Cord cutting is a topic which we discuss on a fairly regular basis, particularly over the last several quarters as the subscriber losses for cable companies have seemingly accelerated (see: Cord-Cutting Accelerates, Sends Shock Wave Across Traditional TV). Not surprisingly, one of the biggest losers of the cord cutting phenomenon has been ESPN, a media giant that ironically was one of the largest, if not the largest, beneficiaries of the cable TV bundle since it made its debut in 1979 (see: ESPN Lost 15,000 Subscribers A Day In October).
Of course, as TDG Research notes this morning, the wave of Americans electing to forego the massively overpriced cable TV bundle is only getting started and will see some 40% of American households ditch their service by 2030.
Generally, TDG expects that the penetration of live multi-channel pay-TV services will decline from 85% of US households in 2017 to 79% in 2030. While statistically a loss of only 7%, it nonetheless illustrates the ongoing secular decline of a once healthy market space. TDG predicts that, by 2030, roughly 30 million US households will live without an MVPD service of any kind, be it virtual or legacy.

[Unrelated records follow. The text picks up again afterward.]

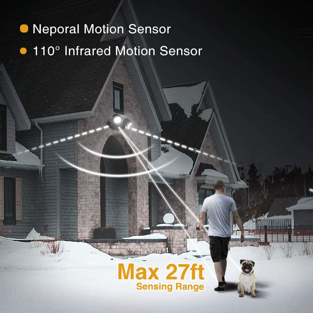 【All Weather Ready】The motion sensor security light is waterproof and heat-resistance, ready for all season and all temperature. No worried about the rainy. It can work perfectly even without sunlight. Wider use than solar light. (life-long warranty)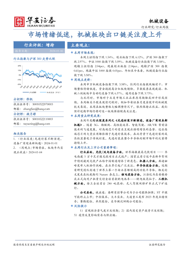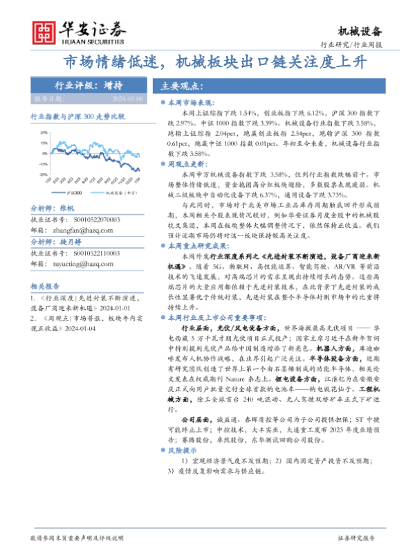 【华安证券】【20240106】20240106-华安证券-机械设备行业周报:市场情绪低迷,机械板块出口链关注度上升-14页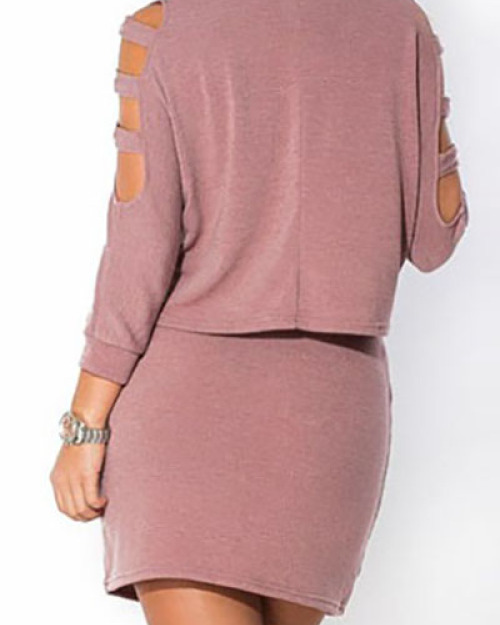 Stylish O Neck Long Sleeves Shoulder Hollow-out Purple Cotton Blend Two-piece Skirt Set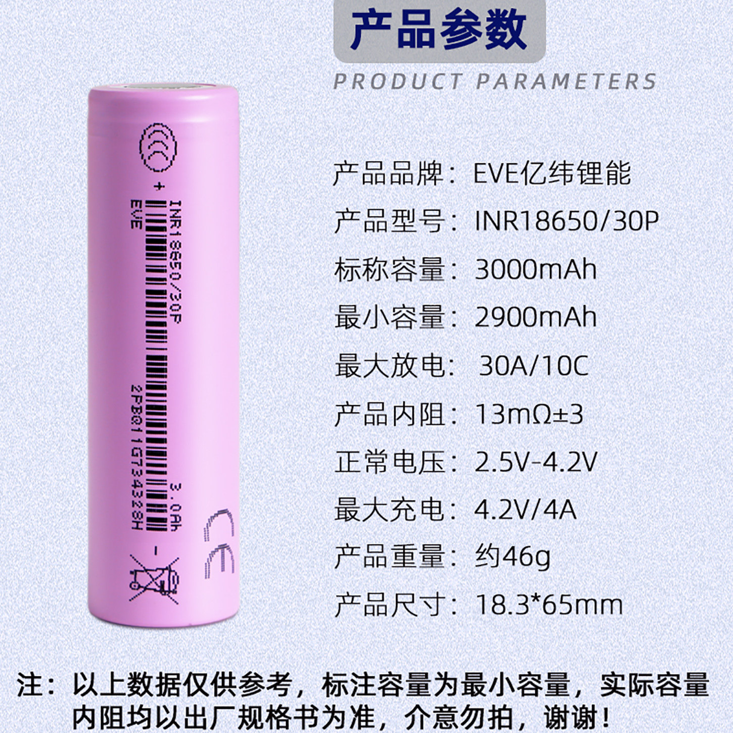 为您提供商品全新亿纬18650锂电池4.2V大容量3000mAh电动工具动力电芯10C放电的详细介绍,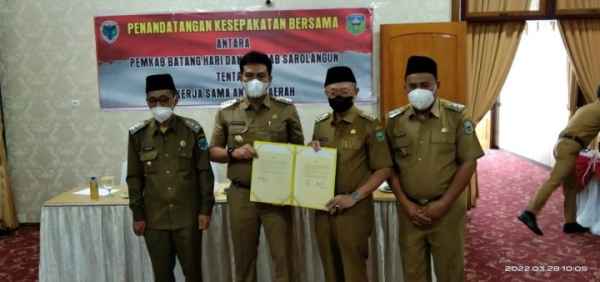 Penandatanganan Kesepakatan Bersama tentang Kerjasama Antara Daerah ini dilakukan oleh Bupati Sarolangun Drs.H.Cek Endra dengan Bupati Batang Hari Muhammad Fadhil Arief.
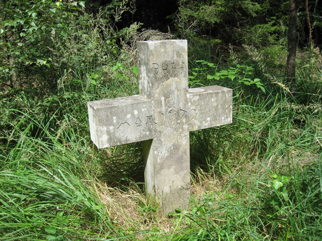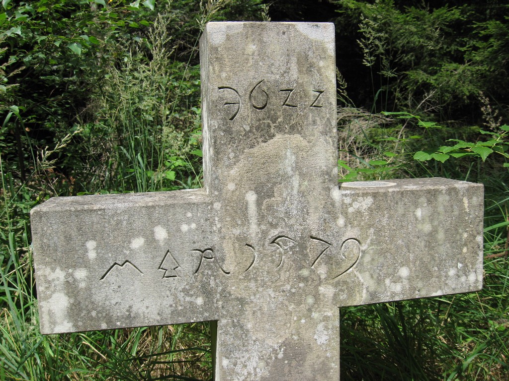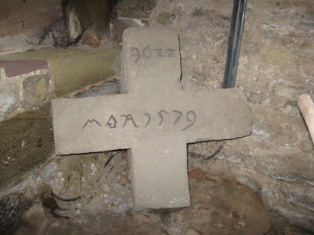 | im Kopf "1622", auf dem linken Arm "M R" (Initialen), dazwischen Pflugschar, in Kreuzmitte "1579" |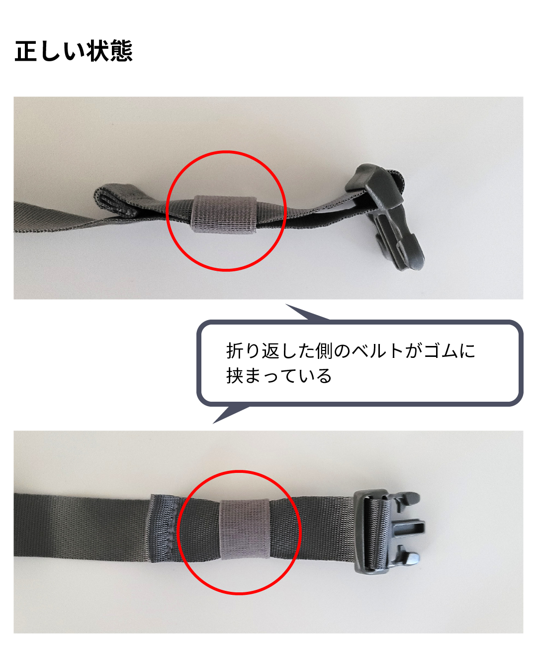 背当てとしてご使用していない際に、ベルトがゴム部分をすり抜けバックルより外れるおそれがあります。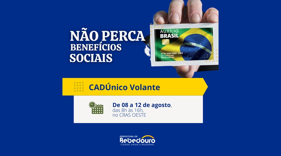 A Prefeitura de Bebedouro continua com o cadastro itinerante – CADÚnico Volante - para atualizar os dados das famílias no Cadastro Único, impedindo o corte de vários benefícios sociais, como o Auxílio Brasil de R$ 600, auxílio gás e a tarifa social. A unidade estará no CRAS Oeste de 08 a 12 de agosto, das 08h às 16h, para atualizar o cadastro e tirar dúvidas sobre os programas de transferência de renda.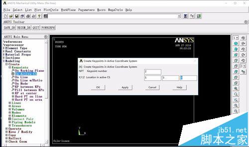 1、創建線條之前,得必須創建點,畢竟ansys不是專業的繪圖軟件,Main Menu>Preprocessor>modleing>create>areas>keypoints>on working plane,輸入原點坐標0,0,然后創建第二個點在in active cs,點的坐標為10,10,0.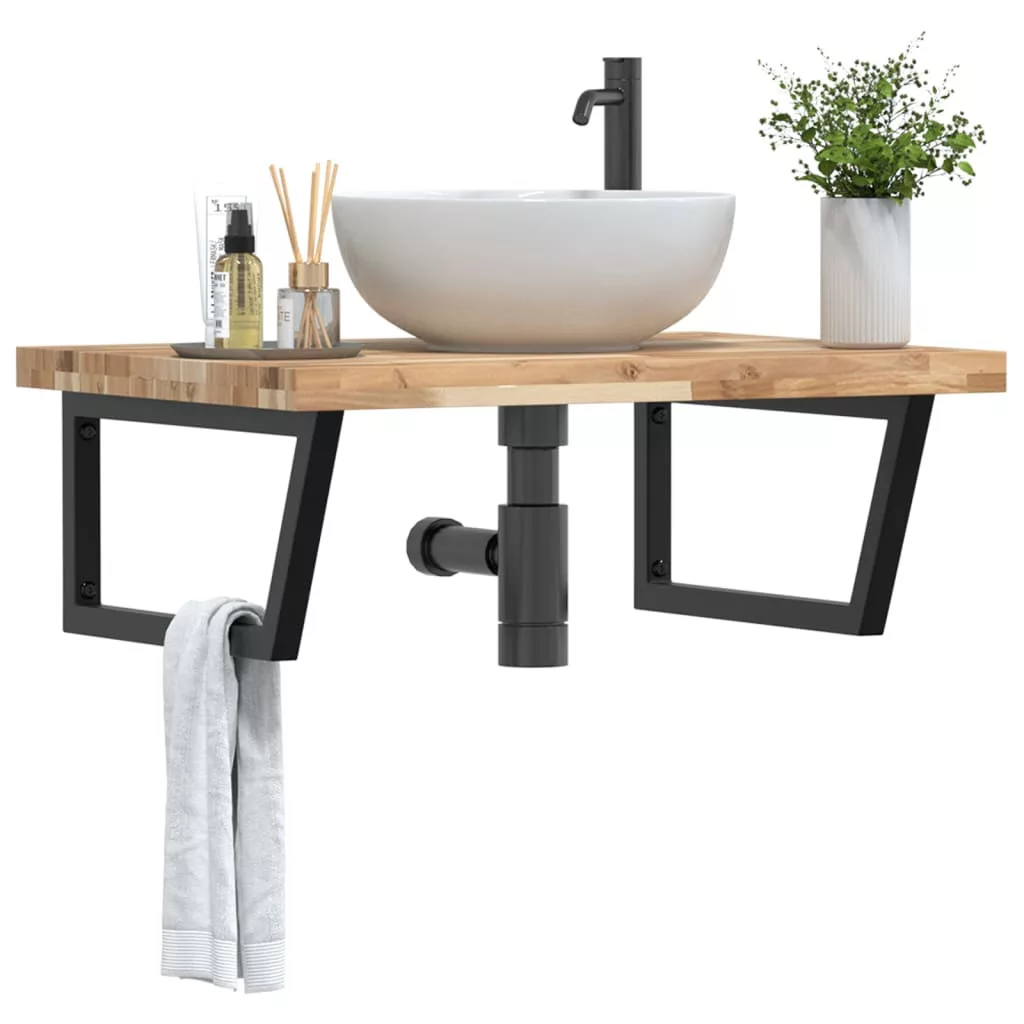 acél és tömör akácfa falra szerelhető mosdópolc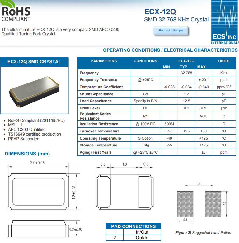 | ECS-.327-12.5-34QCS-TR | ECS晶振 | ECX-34Q | kHz Crystal (Tuning Fork) | 32.768kHz | -40°C ~ 125°C |
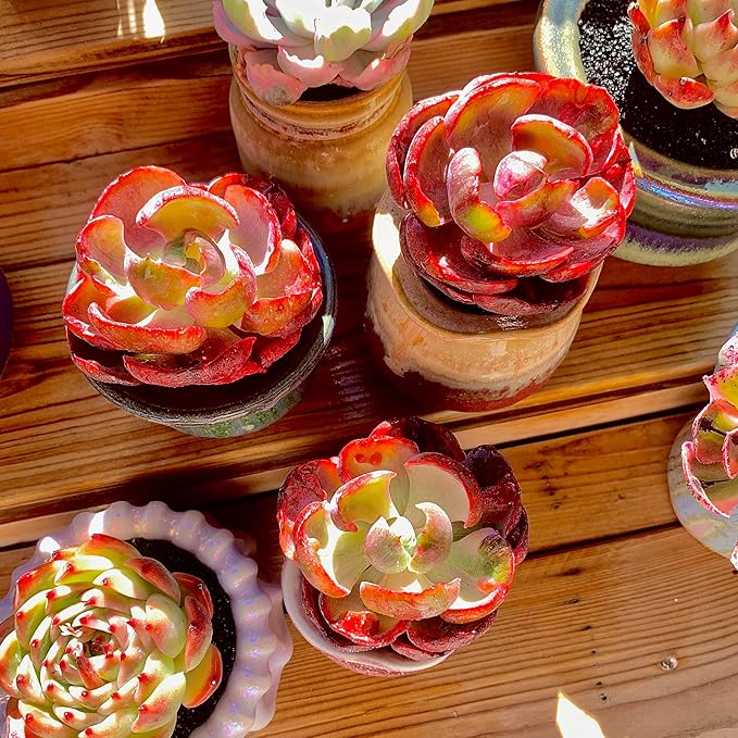 - Striking Red-Edged Foliage – This rare variegated succulent features soft, paddle-shaped leaves with creamy centers and bright red margins. A colorful standout in any plant collection.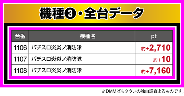 『パチスロ炎炎ノ消防隊』も全台がプラスで、1108番台は約+7,100ptを上回った。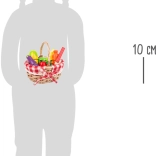 Zestaw do zabawy z wiklinowym koszykiem i drewnianą żywnością zapewnia dzieciom realistyczną zabawę w kuchni i sklepiku. Elementy są połączone rzepem i można je „kroić” dołączonym nożem. Wspiera rozwój motoryki małej, zabawę w odgrywanie ról oraz naukę o owocach i warzywach.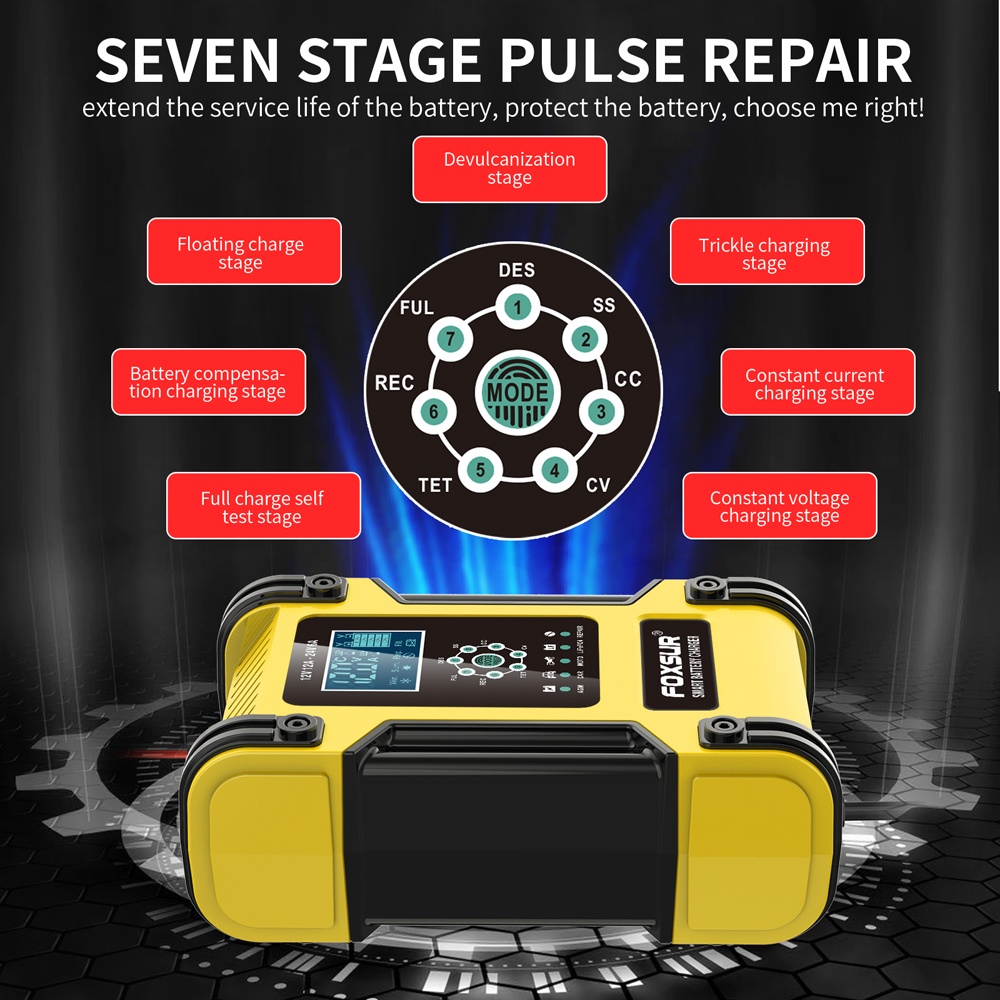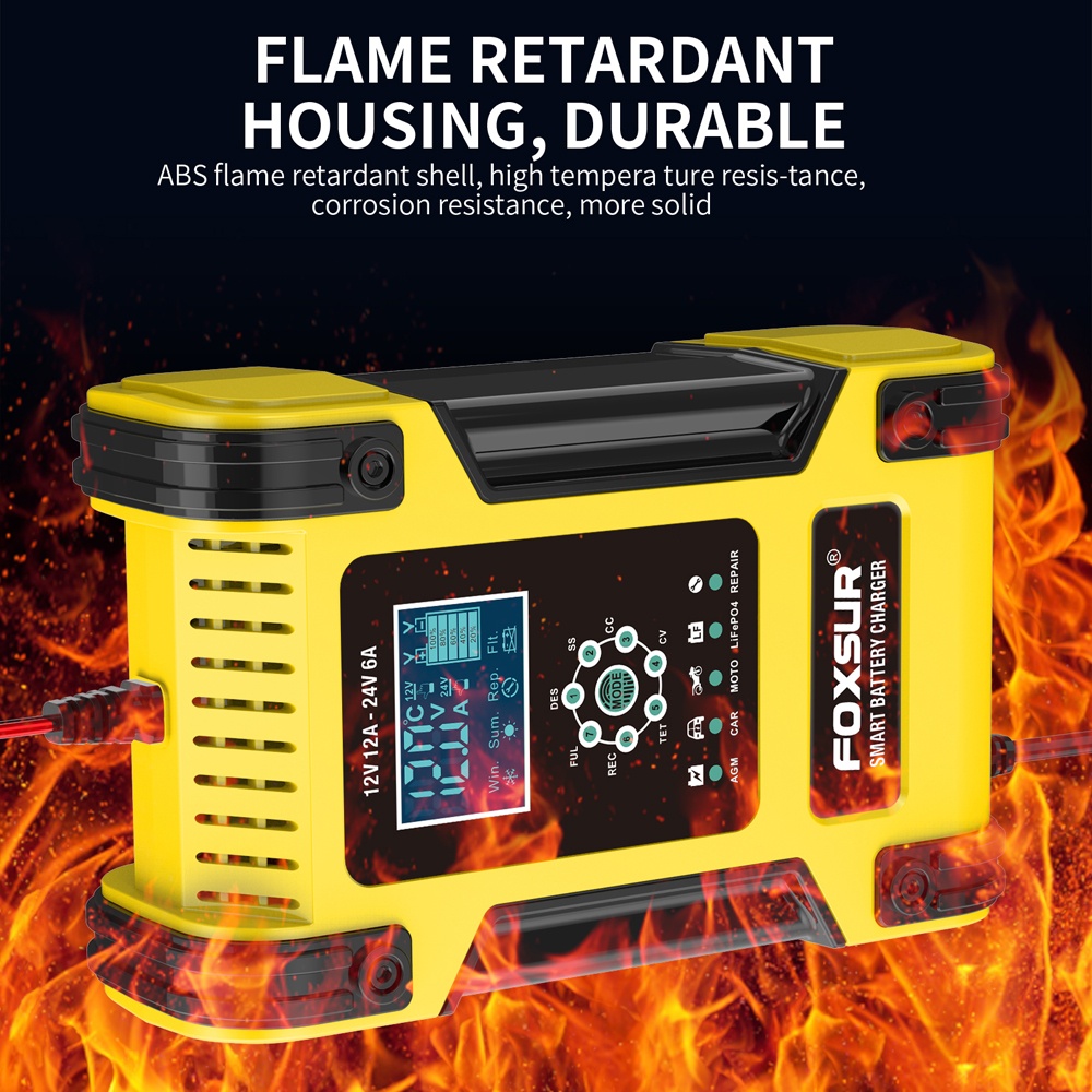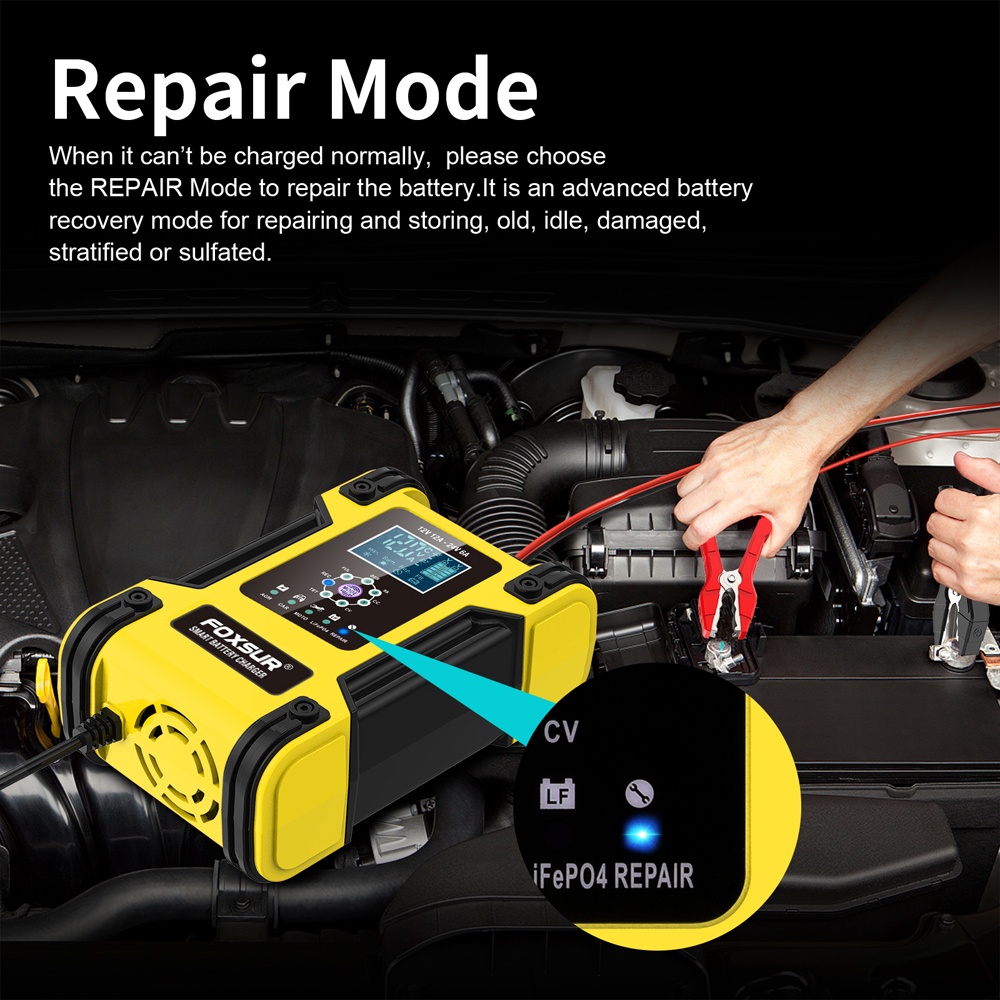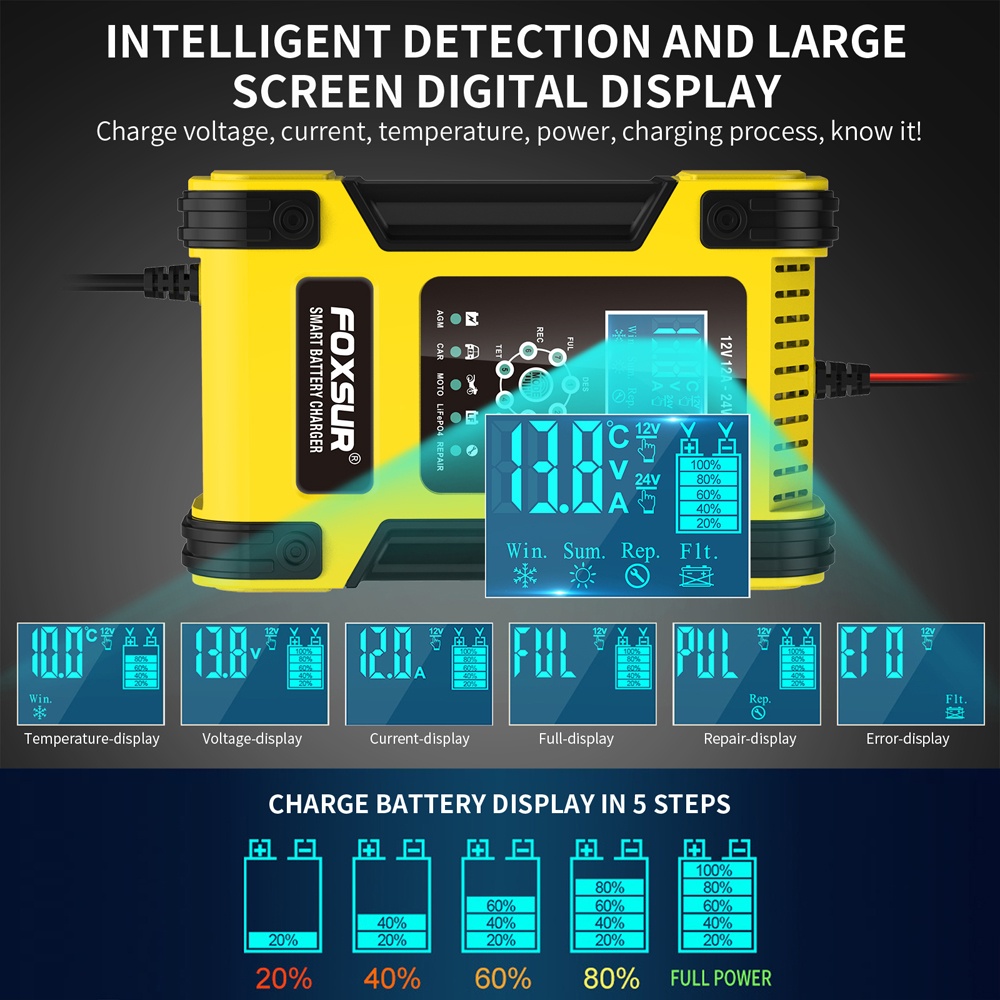 Incarcator auto inteligent FOXSur FBC122412D, 12V 12A / 24V 6A, 7 trepte, Display LCD, Mod Reparatie, AGM, LiFePO4, GEL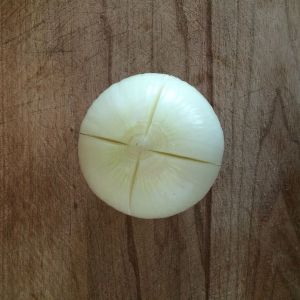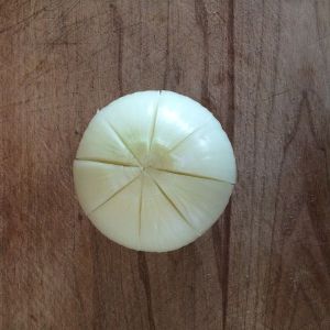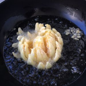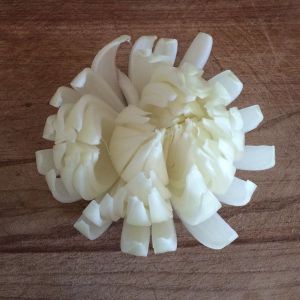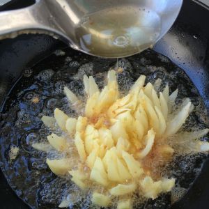 中途将热油淋在洋葱花上,让花瓣舒展开

During this time, legacy MVPDs will experience considerable subscriber losses, due not only to long-term industry trends but also growing competition from virtual pay-TV providers. Consequently, legacy pay-TV penetration will fall from 81% of US households in 2017 to 60% in 2030, down 26%. At the same time, virtual pay-TV penetration will grow from roughly 4% of US households to 14%, up 350% but from a very small base.
“TDG said early on that the future of TV was an app. Unfortunately, most incumbent MVPDs weren’t taking notes,” notes Joel Espelien, TDG Senior Analyst. “The question is no longer if the future of TV is an app, but how quickly and economically incumbents can adapt to this truth and transition to an all-broadband app-based live multi-channel system.”
This post was published at Zero Hedge on Dec 6, 2017.